While going straight Doctrine models may be quick, DAO’s provide flexibility where it’s needed, and you could easily write some tools to generate the DAO classes for you. Of course, it’s a layer of complexity, but it’s good to know different ways of solving problems.

What comes to the model class shown, and the fact that there is no database related logic… It could contain some additional methods, for example getAnswers, which could return relevant answers. If we provided a such method, it should use the DAO for the answers to fetch them.

The approach with DAO’s is a bit similar to what Matthew Weier O’Phinney shows in his model infrastructure blogpost. I recommend checking it out, as it also contains some more in-depth things about models themselves.

The Core J2EE patterns: Data Access Object is also a good read on the topic.

The source code for the quiz can be found in SVN, as follows:
Version 1.0 of the quiz
Version 1.1 of the quiz (with DAO’s and some other refactoring)

Further reading:
Another idea for using models with forms
The problems faced by a common model interface in frameworks
Food for thought: utilizing models in MVC

Share this:
  1. 34 Responses to “Decoupling models from the database: Data Access Object pattern in PHP”
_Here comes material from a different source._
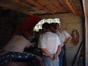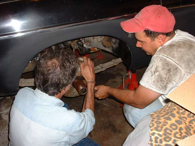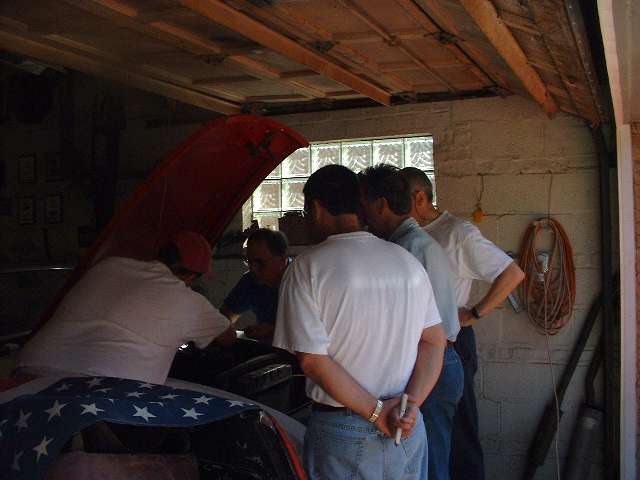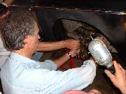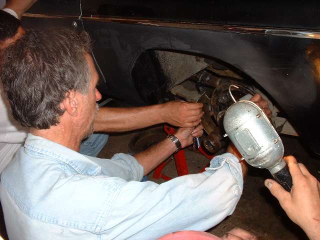 Next move was to get in and run it through the gears while running to be sure the transmission was in in good working order, and it was, including the overdrive!!! This was getting to look like a better deal all the time. So get on with the brake work, not much left there, just install the rear shoes and drums. And we had to bleed the brake lines. But Barney Gaylord had brought along the Gunson Eezibleed, so that went really well -- almost. |

  2. Very interesting stuff. I’ve been experimenting with something similar, specifically to try and move more functionality out of the Controllers in my applications and into more of a Model.

    One thing I’m quite interested in is subsequently mocking the DAOs for unit testing, i.e. where your controller may do App_DaoFactory::getFactory(), my controllers would have a factory instance injected into them.

    Have you done anything like that?

    By Ciaran McNulty on Jan 5, 2009

  3. Injecting the factory is one possible future improvement in the quiz code.

    For now, the unit tests just mock the factory, and use setFactory. See QuizHandlerTest.php

    What comes to dependency injection, you might want to check out Sphicy by Benjamin Eberlei. It seems like a good approach to dealing with DI.

    By Jani Hartikainen on Jan 5, 2009

  4. Since I switch from php 4 to php 5, I keep wondering why one wants to push a dynamic language to behave as a static one?

    Is it for performance? no, cause as more classes, interfaces, … more includes == slower.

    So why?

    By PHP Programmer on Jan 5, 2009

  5. I know you’re not touching on MVC in this post, but one option I’ve played with recently in ZF is injecting the DAO factory (which I tend to call a MapperFactory) into the Controllers using a Controller Plugin.

    I’ll try and solidify it into some coherent thoughts / concrete code / a blog post at some point.

    By Ciaran McNulty on Jan 5, 2009

  6. PHP Programmer,

    Because it’s possible? ;)

    You could probably throw away the interfaces and just use duck typing, but when the objects need to have a certain set of methods for others to be able to use them, I think an interface is the answer.

    The code is easier to write/maintain/test too.

    The performance hit isn’t that high if you use opcode caches. You can also combine multiple files into one to reduce the overhead of disk IO

    By Jani Hartikainen on Jan 5, 2009

  7. Hi Jani,

    nice post! I think DAO is the most natural way of using OOP.

    Looking at your Quiz_Question class I noticed a lot of redundant code there. You have to implement an accessor method for every field in the class and the validation logic will be duplicated across objects either. I think it will be interesting to use some magic methods in the concrete objects or even AOP to eliminate this duplication.

    Yours,
    sas171

    By sas171 on Jan 5, 2009

  8. Good point. Though depending on the models, your end result in code-duplication department may vary. I think mainly the IDs are what could be validated with the same logic. More complex models might require more model-specific validation rules.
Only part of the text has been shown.